Personal information
- Full name: Donny Grant Zamora
- Date of birth: 12 April 1976 (age 50)
- Place of birth: Limón, Costa Rica
- Height: 1.81 m (5 ft 11 in)
- Position: Goalkeeper

Senior career*
- Years: Team / Apps / (Gls)
- 1998–2001: Limonense
- 2001: FAS
- 2002: Santos de Guápiles / 2 / (0)
- 2002–2006: Pérez Zeledón
- 2006–2009: Cartaginés / 74 / (0)
- 2009–2011: San Carlos / 69 / (0)
- 2011–2017: Saprissa / 61 / (0)

International career
- 2005–2011: Costa Rica / 8 / (0)

= Donny Grant =

Costa Rican footballer (born 1976)

Donny Grant Zamora (born 12 April 1976) is a Costa Rican former professional footballer who played as a goalkeeper.

==Club career==
Grant started his career in 1998 at Limonense and moved abroad to join Salvadoran side FAS in summer 2001. He left them for Santos de Guápiles in February 2002 only to join Pérez Zeledón after half a season.

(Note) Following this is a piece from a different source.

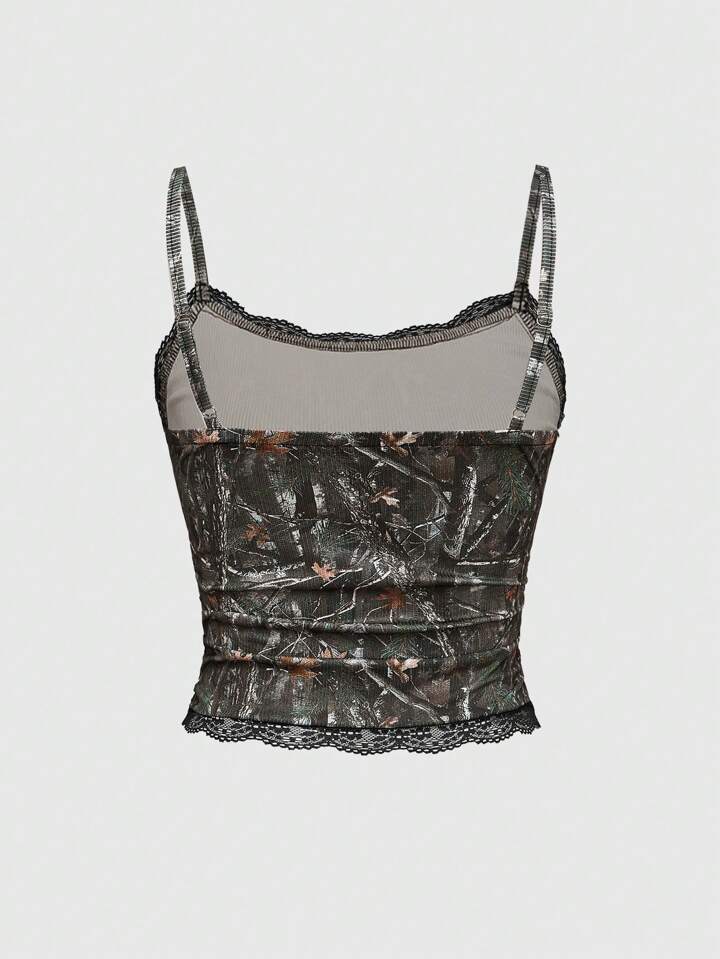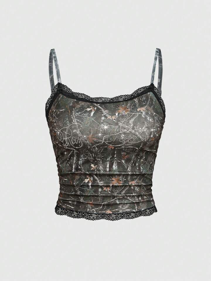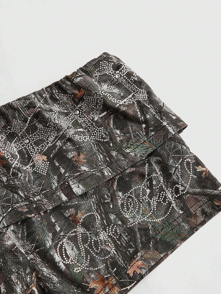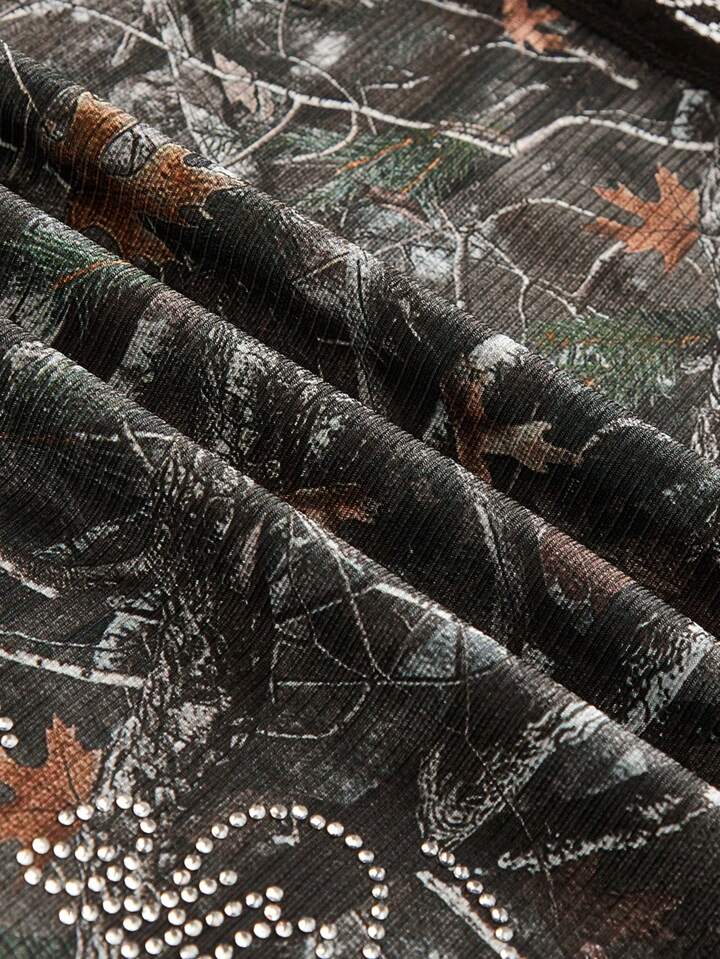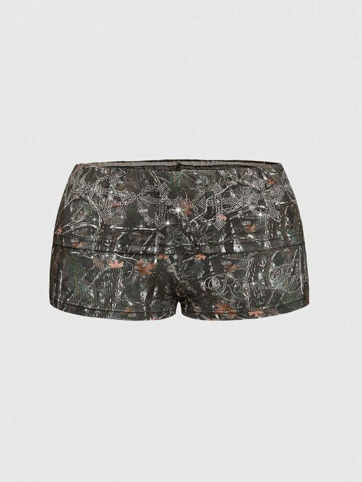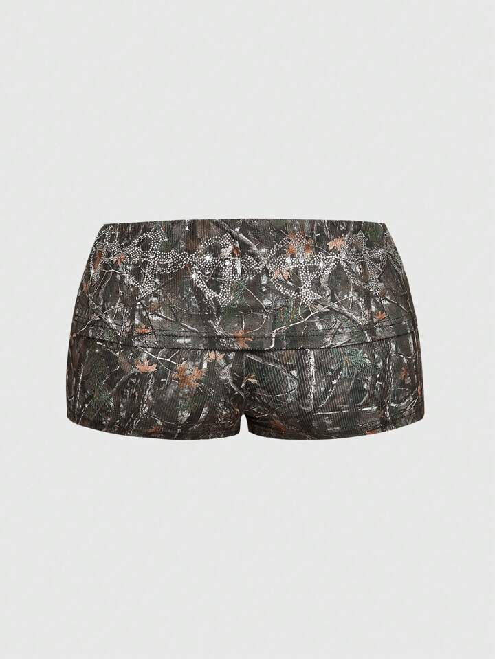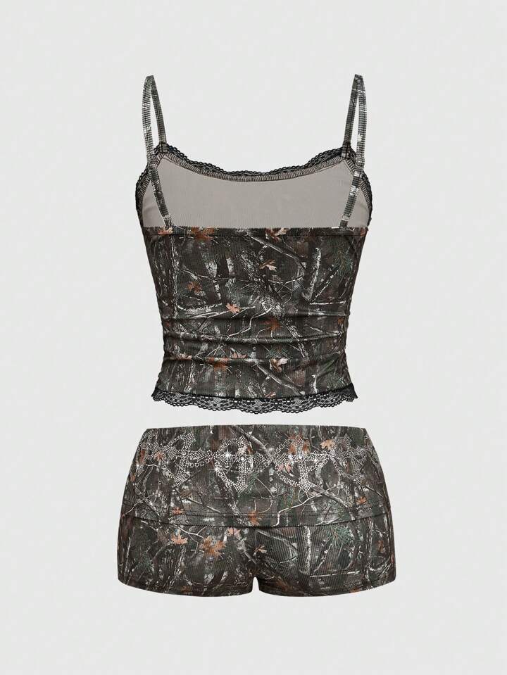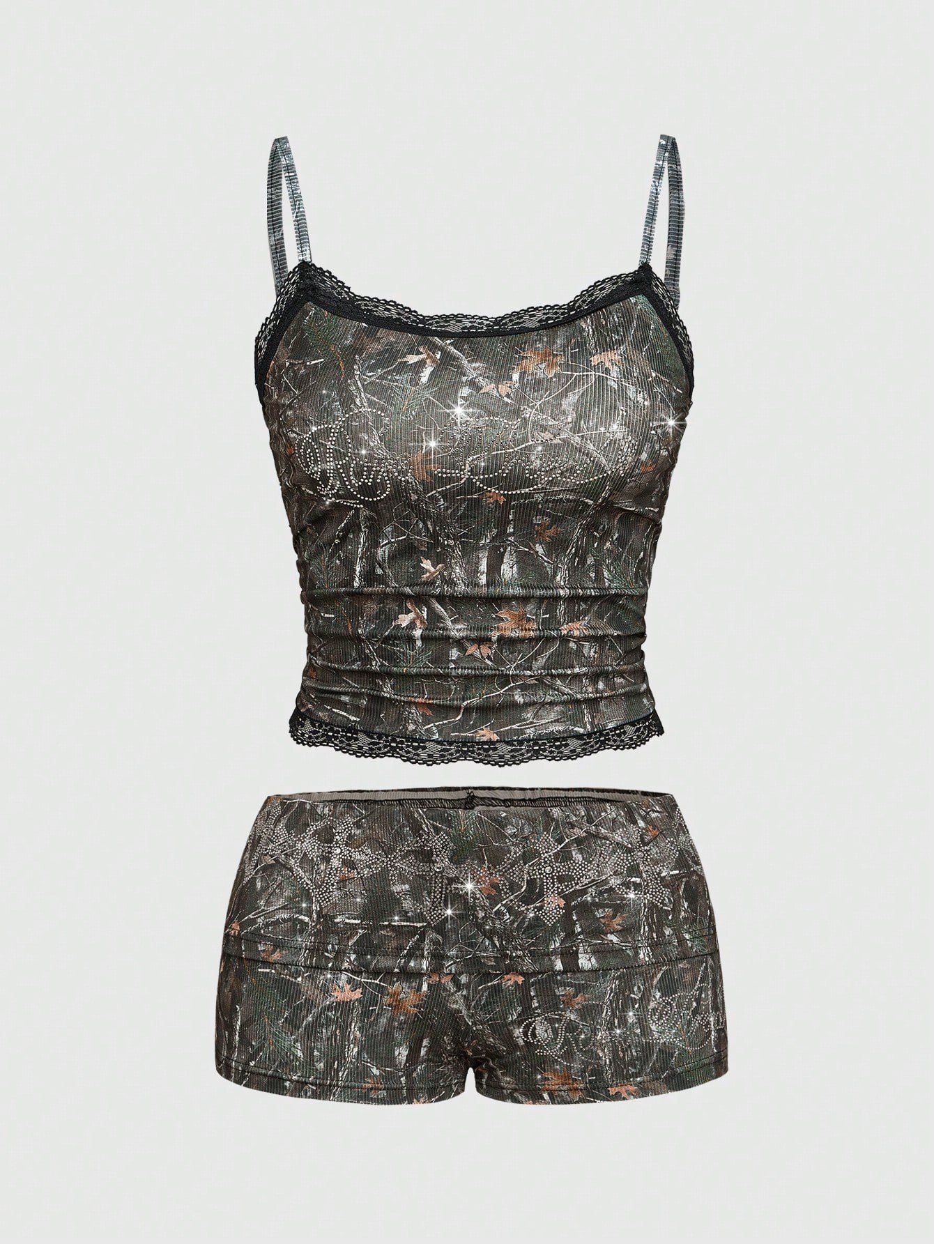 2 Stücke Set für Damen, Avantgarde-Y2K-Streetstyle, Samt, Camouflage-Print, Strass-verziertes Camisole und Shorts mit niedriger Taille

He later played for Cartaginés and San Carlos, where he forced his way out in summer 2011 to sign for Saprissa.

==International career==
He made his debut for Costa Rica in a February 2005 UNCAF Nations Cup match against Panama and earned a total of 8 caps, scoring no goals. He represented his country at the 2005 and 2011 UNCAF Nations Cups. He was a non-playing squad member at both the 2005 and 2011 CONCACAF Gold Cup.

His final international was a December 2011 friendly match against Cuba.